Thursday, March 17, 2011

Reliance on Solar Energy, Fossil Fuels May Increase

Concerns about the safety of nuclear power plants following Japan's magnitude-9.0 earthquake could be an unexpected boon for the U.S. solar energy but could also serve as a spur for increased reliance on coal and other fossil fuels.

Balancing the opportunities and challenges of renewable energy development was a unifying theme for speakers at Tuesday's Greentech Media Solar Summit at the Hyatt Grand Champions Resort in Indian Wells.

“Renewables have a hard time being deployed at the scale of nuclear,” said Scott Clavenna, CEO of Greentech Media, an energy industry news and market analysis firm. “If you shut down nuclear, you could argue for the commissioning of coal.

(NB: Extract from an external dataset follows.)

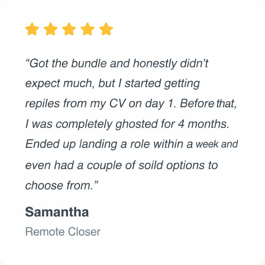 Yes. Everything is specifically tailored for remote sales and remote closing roles, where the hiring process and expectations are very different from traditional sales jobs.
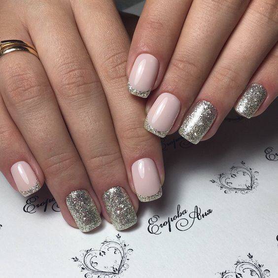 3. Френч с глиттером. Один из способов использования глиттера – это дополнить обычный френч ногтей блестящей полоской глиттера. Вы можете выбрать глиттер в цвете, который отличается от основного лака, что позволит создать контрастный дизайн.

It's really hard to transition off fossil fuels.”

Solar and utility executives at the two-day event, which started Monday, pointed to financing, reliability and costs as obstacles for for the industry.

Highlights of Tuesday's presentations included:

Utility-scale solar: Keynote speaker Fong Wan, vice president for energy procurement at Pacific Gas & Electric, challenged the more than 250 summit attendees to bring down costs and improve storage technology so solar power can be used 24/7.

“Your success is what leads to lower customer costs for us,” Wan said. “I prefer forecastable output; I like solar that fits the profile of our customer demand in California.”

Financing: Federal energy grants and loan guarantees are essential to maintain current momentum in larger-scale solar development, but may not be sustainable for the long term, a panel of solar and investment experts said.

“The Treasury grant program enables us to do (larger projects) and get into the global market that is very interested in financing these projects,” said Arno Harris, CEO of Recurrent Energy, a San Francisco solar developer. “The opportunity to tap lenders allows us to sustain our business as a developer and deliver price to market.”

Feed-in tariffs: In a pro-con debate on feed-in tariffs, Barry Cinnamon, CEO of Westinghouse Solar, argued for the incentives, which pay solar owners for their excess production, but said rates must be flexible.

“When there's a policy that sets a price, it's either too high or too low,” he said. “If it's too low, nothing happens. If it's too high, you're going to end up putting out more solar than you need at higher prices.”

Travis Bradford, president of the Prometheus Institute, a nonprofit focusing on sustainable development, favored more market-based incentives such as the California Solar Initiative, which decreases consumer rebates as more solar is installed.

“The real problem with feed-in tariffs is they are going to be polarizing and disappointing, and it's going to create backlash,” he said. “I think the market should set the price.”